==== Source information

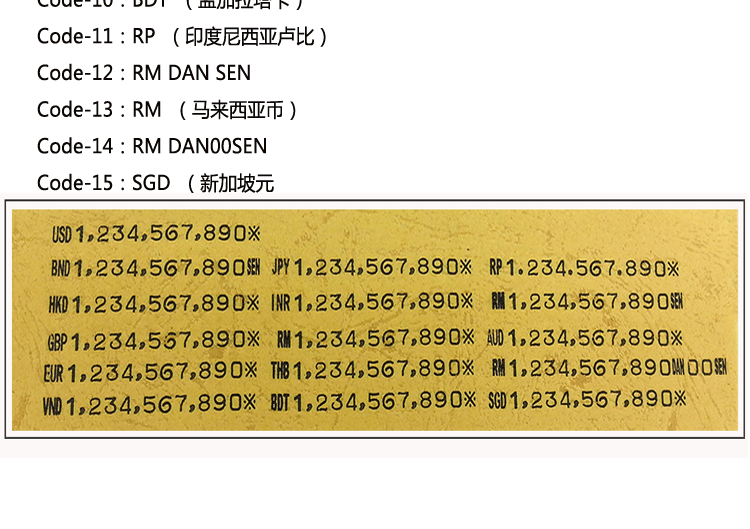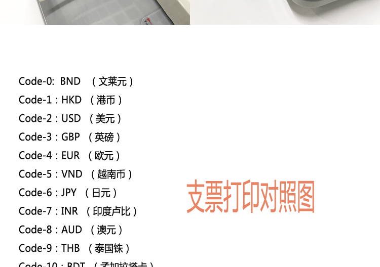 Удержать“ Ключ кодирования кода““C” ЦзянбайЗатем нажмите соответствующий код номера валюты выше, например, вам необходимо распечатать код доллара в Гонконге“HKD"затем нажмите“1&Rdquo; в настоящее время дисплей отобразит Code-1, уложите стержень бумаги и отрегулируйте штурмовый стержень, а затемНажмите на сумму по требованию"P"Ключ можно напечатать.
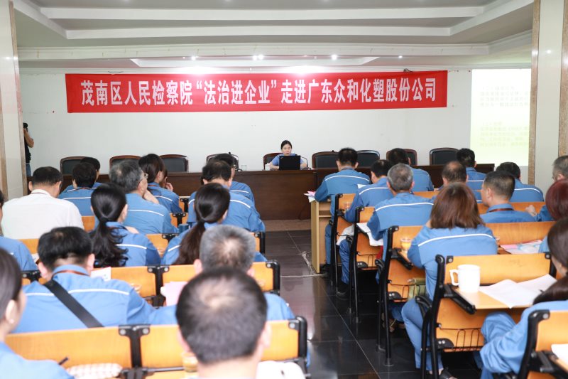 为公司职工普及法律知识,提高公司及职工依法诚信经营,维护自身合法权益的意识和能力,7月19日上午,茂南区检察院到公司开展了“法制进企业”现场法律宣传活动。公司副总经理兼总会计师辜嘉杰,茂南区检察院党组成员、副检察长阮志强及十多名检察官参加本次活动。
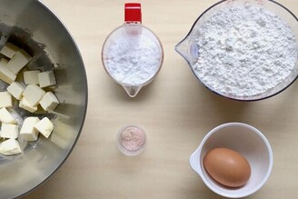 步驟 1:首先製作餅乾麵團,無鹽奶油和蛋都要事先退冰至室溫,將麵粉和糖粉(包含糖霜要用的)分別過篩1次。
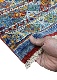 Experience the unique charm of a Khorjin rug, traditionally handmade by skilled artisans in the tribal regions of Iran and Central Asia. Originally crafted as a functional bag for carrying goods, Khorjin rugs are renowned for their bold, geometric patterns and vibrant colors, reflecting the rich cultural heritage of nomadic weavers. Each rug is woven using high-quality wool with meticulous hand-knotting techniques that ensure durability and intricate design. What makes Khorjin rugs special is their authentic tribal artistry combined with practical origins, offering a distinctive blend of rustic beauty and cultural significance. Perfect for adding a touch of history and warmth to any space, a genuine Khorjin rug is a cherished piece of nomadic tradition.
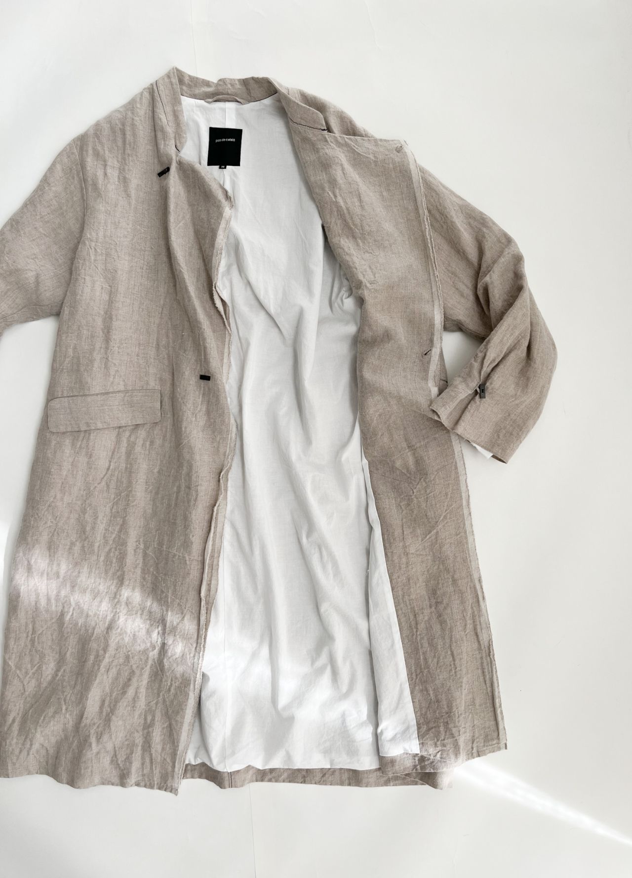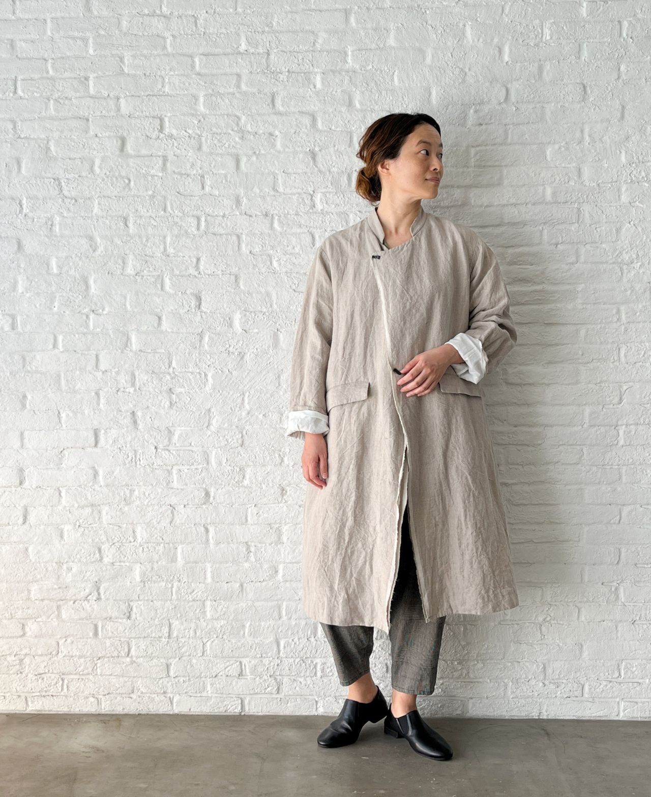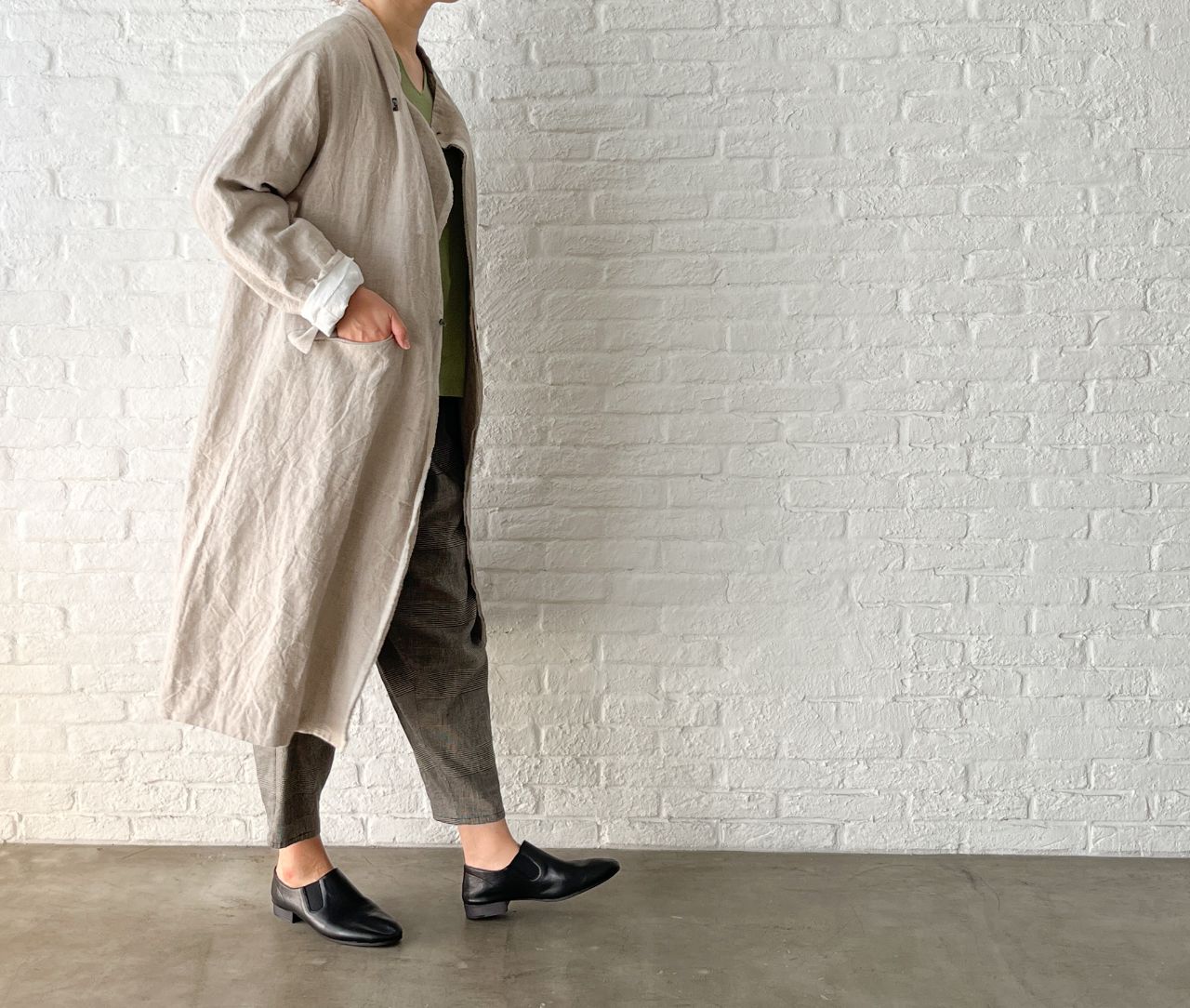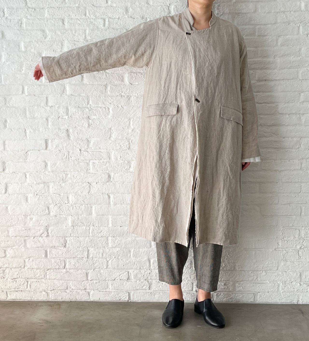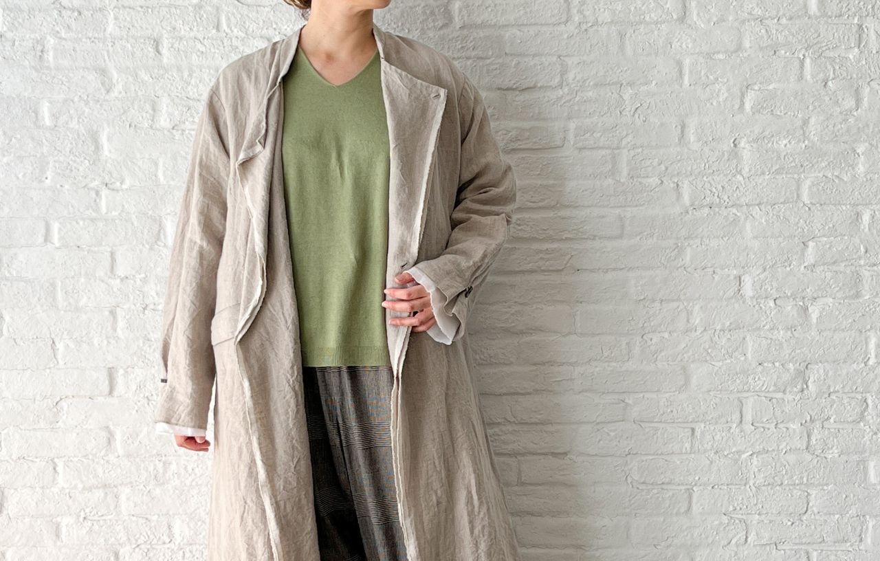 リネンの質感や、長方形の釦もナチュラルな印象です。
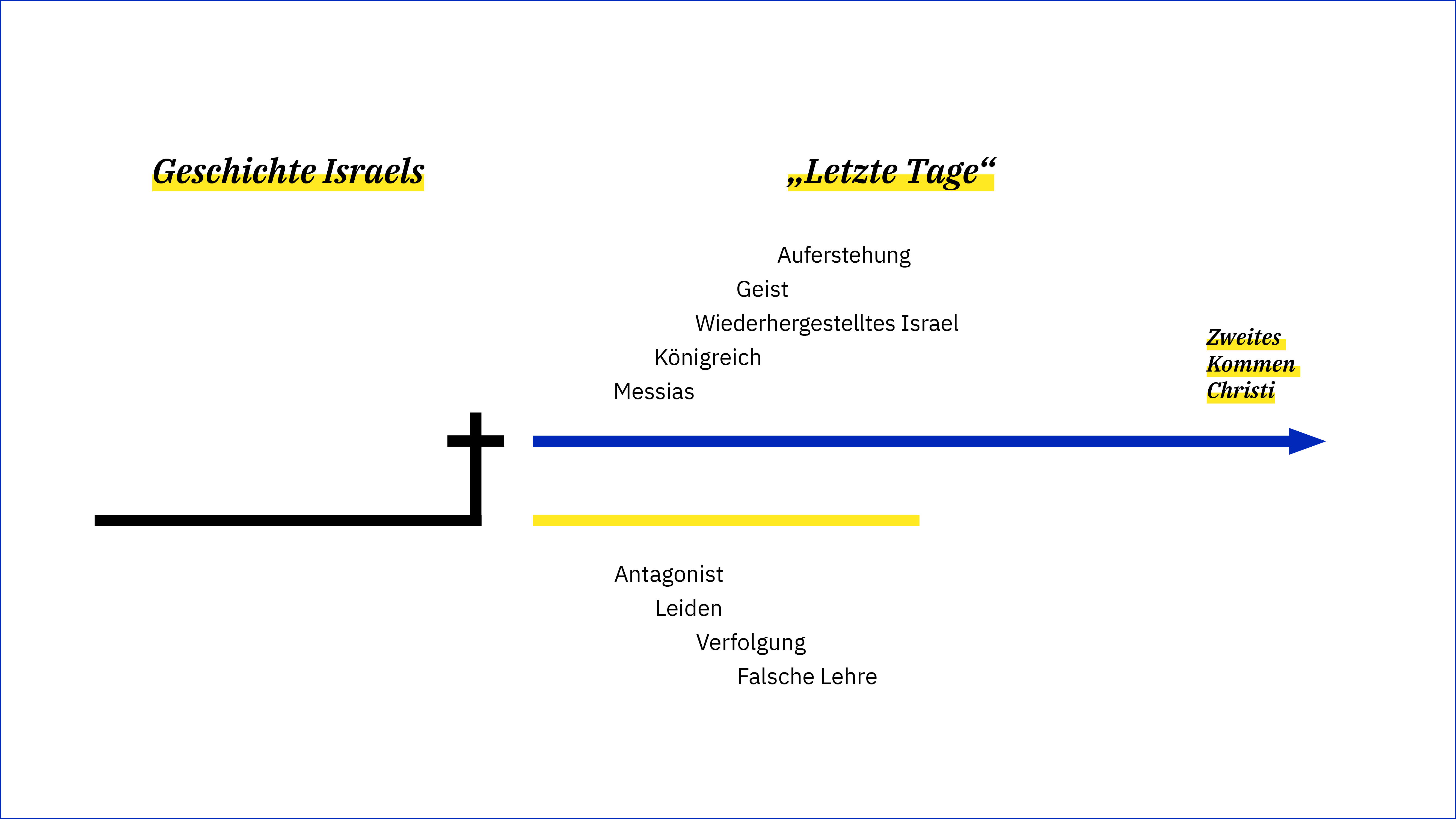 Einer der auffälligsten Aspekte des Neuen Testaments ist das Beharren der Apostel darauf, dass die „letzten Tage“ in die Geschichte eingebrochen sind. Auf die eine oder andere Weise geht jedes neutestamentliche Buch davon aus, dass die letzte Epoche der Geschichte Israels durch die Person Christi begonnen hat. All das, was das Alte Testament für die Endzeit vorausgesagt hat, hat sich mit dem ersten Kommen Christi zu erfüllen begonnen und dauert bis zu seinem zweiten Kommen weiter an. Die alttestamentlichen Endzeiterwartungen – die große Trübsal, Gottes Unterwerfung der Heiden, die Befreiung Israels von den Unterdrückern, die Wiederherstellung und Auferstehung Israels, der neue Bund, der verheißene Geist, die neue Schöpfung, der neue Tempel, ein messianischer König und die Errichtung des Reiches Gottes – sind durch den Tod und die Auferstehung Christi in Gang gesetzt worden.

========

What the task requires>
Output the full material exactly as given, without its pictures.

Response to the task>
 Удержать“ Ключ кодирования кода““C” ЦзянбайЗатем нажмите соответствующий код номера валюты выше, например, вам необходимо распечатать код доллара в Гонконге“HKD"затем нажмите“1&Rdquo; в настоящее время дисплей отобразит Code-1, уложите стержень бумаги и отрегулируйте штурмовый стержень, а затемНажмите на сумму по требованию"P"Ключ можно напечатать.
 为公司职工普及法律知识,提高公司及职工依法诚信经营,维护自身合法权益的意识和能力,7月19日上午,茂南区检察院到公司开展了“法制进企业”现场法律宣传活动。公司副总经理兼总会计师辜嘉杰,茂南区检察院党组成员、副检察长阮志强及十多名检察官参加本次活动。
 步驟 1:首先製作餅乾麵團,無鹽奶油和蛋都要事先退冰至室溫,將麵粉和糖粉(包含糖霜要用的)分別過篩1次。
 Experience the unique charm of a Khorjin rug, traditionally handmade by skilled artisans in the tribal regions of Iran and Central Asia. Originally crafted as a functional bag for carrying goods, Khorjin rugs are renowned for their bold, geometric patterns and vibrant colors, reflecting the rich cultural heritage of nomadic weavers. Each rug is woven using high-quality wool with meticulous hand-knotting techniques that ensure durability and intricate design. What makes Khorjin rugs special is their authentic tribal artistry combined with practical origins, offering a distinctive blend of rustic beauty and cultural significance. Perfect for adding a touch of history and warmth to any space, a genuine Khorjin rug is a cherished piece of nomadic tradition.
 リネンの質感や、長方形の釦もナチュラルな印象です。
 Einer der auffälligsten Aspekte des Neuen Testaments ist das Beharren der Apostel darauf, dass die „letzten Tage“ in die Geschichte eingebrochen sind. Auf die eine oder andere Weise geht jedes neutestamentliche Buch davon aus, dass die letzte Epoche der Geschichte Israels durch die Person Christi begonnen hat. All das, was das Alte Testament für die Endzeit vorausgesagt hat, hat sich mit dem ersten Kommen Christi zu erfüllen begonnen und dauert bis zu seinem zweiten Kommen weiter an. Die alttestamentlichen Endzeiterwartungen – die große Trübsal, Gottes Unterwerfung der Heiden, die Befreiung Israels von den Unterdrückern, die Wiederherstellung und Auferstehung Israels, der neue Bund, der verheißene Geist, die neue Schöpfung, der neue Tempel, ein messianischer König und die Errichtung des Reiches Gottes – sind durch den Tod und die Auferstehung Christi in Gang gesetzt worden.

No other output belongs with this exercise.